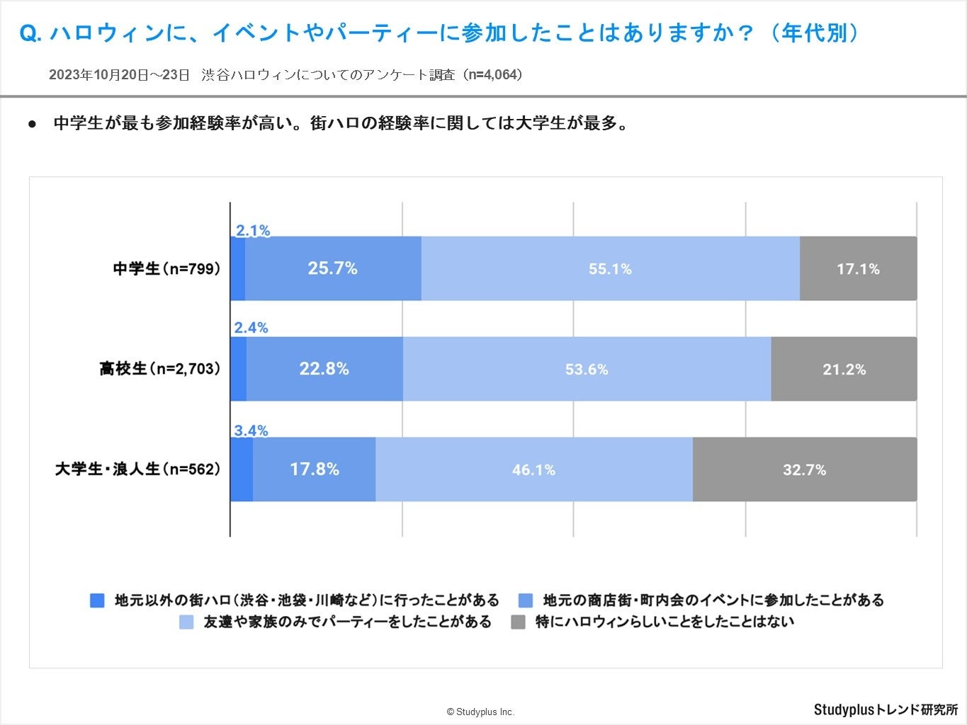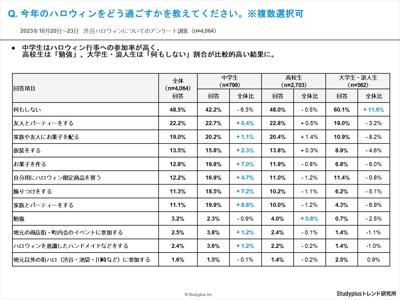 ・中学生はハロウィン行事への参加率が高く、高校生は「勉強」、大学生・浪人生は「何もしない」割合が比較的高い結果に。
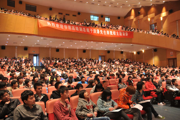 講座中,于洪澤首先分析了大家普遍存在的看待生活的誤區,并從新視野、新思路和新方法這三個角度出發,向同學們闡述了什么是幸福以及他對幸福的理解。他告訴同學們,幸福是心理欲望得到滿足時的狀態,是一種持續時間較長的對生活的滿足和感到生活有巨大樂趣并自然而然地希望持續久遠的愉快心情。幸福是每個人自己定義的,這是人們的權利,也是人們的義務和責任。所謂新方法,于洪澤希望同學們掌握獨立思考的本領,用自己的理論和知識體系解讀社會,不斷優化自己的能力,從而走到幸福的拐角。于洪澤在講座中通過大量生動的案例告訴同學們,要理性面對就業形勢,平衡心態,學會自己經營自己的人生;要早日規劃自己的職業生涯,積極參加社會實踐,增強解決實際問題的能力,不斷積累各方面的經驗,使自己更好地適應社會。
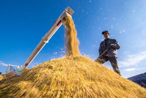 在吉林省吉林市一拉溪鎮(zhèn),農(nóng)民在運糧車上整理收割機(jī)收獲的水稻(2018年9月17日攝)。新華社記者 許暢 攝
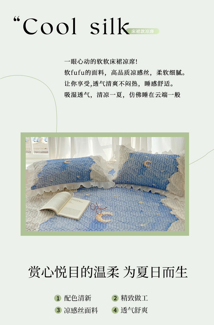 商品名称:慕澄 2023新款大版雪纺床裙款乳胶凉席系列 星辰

····················

Exercise objective:
The material above is to be transcribed exactly, with its images omitted.

Exercise output:
 ・中学生はハロウィン行事への参加率が高く、高校生は「勉強」、大学生・浪人生は「何もしない」割合が比較的高い結果に。
 講座中,于洪澤首先分析了大家普遍存在的看待生活的誤區,并從新視野、新思路和新方法這三個角度出發,向同學們闡述了什么是幸福以及他對幸福的理解。他告訴同學們,幸福是心理欲望得到滿足時的狀態,是一種持續時間較長的對生活的滿足和感到生活有巨大樂趣并自然而然地希望持續久遠的愉快心情。幸福是每個人自己定義的,這是人們的權利,也是人們的義務和責任。所謂新方法,于洪澤希望同學們掌握獨立思考的本領,用自己的理論和知識體系解讀社會,不斷優化自己的能力,從而走到幸福的拐角。于洪澤在講座中通過大量生動的案例告訴同學們,要理性面對就業形勢,平衡心態,學會自己經營自己的人生;要早日規劃自己的職業生涯,積極參加社會實踐,增強解決實際問題的能力,不斷積累各方面的經驗,使自己更好地適應社會。
 在吉林省吉林市一拉溪鎮(zhèn),農(nóng)民在運糧車上整理收割機(jī)收獲的水稻(2018年9月17日攝)。新華社記者 許暢 攝
 商品名称:慕澄 2023新款大版雪纺床裙款乳胶凉席系列 星辰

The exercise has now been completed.